That is Job’s question in the Old Testament. Job, at one point in his suffering, sounds like he’s quoting Psalm 8. “What are human beings, that you make so much of them, that you turn your thoughts to them?” Except Job, in his suffering, takes the trust of today’s psalm and makes a parody of it, turns it upside-down. Job isn’t so sure God’s thoughts toward human beings are a good thing; just the opposite: You “test us every hour of the day.” Suffering, pain, fear, and sickness add our voice to Job’s—whether the suffering is ours or that of someone we love—and with Job, we wonder if God cares.

 

Today’s psalm, with cosmic wonder as a backdrop, marvels at the unique dignity God gives to human beings. “You have made us little lower than the angels and crowned us with glory and honor.” Psalm 8 gives thanks for God who gives each of us profound value and worth. “You have…crowned us with glory and honor.”

 

You can pray this psalm as you marvel at God’s graciousness to you, or the birth of a baby, or at any human accomplishment that advances the well-being of all people together. “You have…crowned us with glory and honor.” We bear the Divine Image. And that gives us infinite and eternal worth that will not be diminished. This God-given dignity critiques every way of looking at people that undermines their basic human value or reduces their worth to economic terms—what you produce, consume, or contribute. “You have…crowned us with glory and honor.”

 

At the same time, Psalm 8 reminds us that we ourselves are not divine. “You have made us little lower than the angels.” We are lower than angels, less than God. We are fragile and finite.

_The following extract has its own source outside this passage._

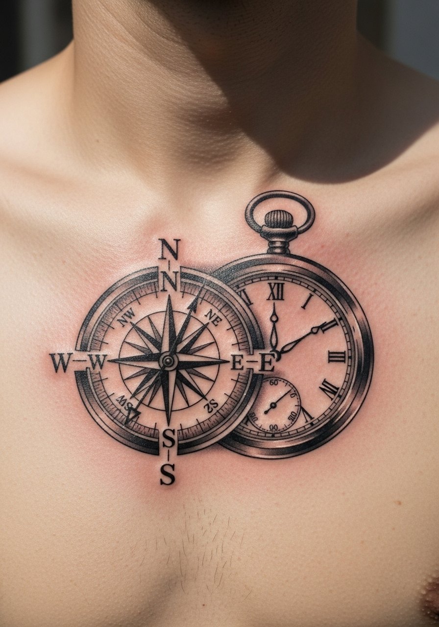 Merging a compass with a watch suggests time and direction—great for commemorating a life event. Chest placement gives space and visibility. I like how this reads healed: soft shading with strong edges. Ask an artist who does realistic shading; avoid tiny gears that will blur.

There are limits to our understanding; we won’t solve all mysteries; from the wonder of the Triune God to the mysteries of suffering; we can’t control all aspects of our lives. Job himself discovers this when he is met head-on by God in the wonder of creation. But within our limits, we who are fragile and finite are given us extraordinary dignity and honor in God. “God is mindful of us,” says the psalm as it marvels at both the majesty of God and the care of God. Or Julian of Norwich puts it, “We are enclosed in the Father, enclosed in the Son, enclosed in the Holy Spirit.” Enclosed, protected, and secure in the life of the Triune God—this is God’s delight.

 

On Trinity Sunday we consider the joy and delight of the Triune God, the uncontainable joy that surges from the heavens and extends to us: the Father who loves and gives; the Son who, in his life and death, makes our joy complete; the Spirit poured out for the life of the world, making you “partakers of the divine nature.” You are partakers of the divine nature, the New Testament says, as you are transformed by the Holy Spirit to live in the holiness, joy, and grace of Jesus the Son, all to the glory of God the Father.

 

This is the God in whom you live and move and have your being, the God in whose love and strength you are enclosed, the reality and truth of God for you to explore every day in a delight that cannot be contained.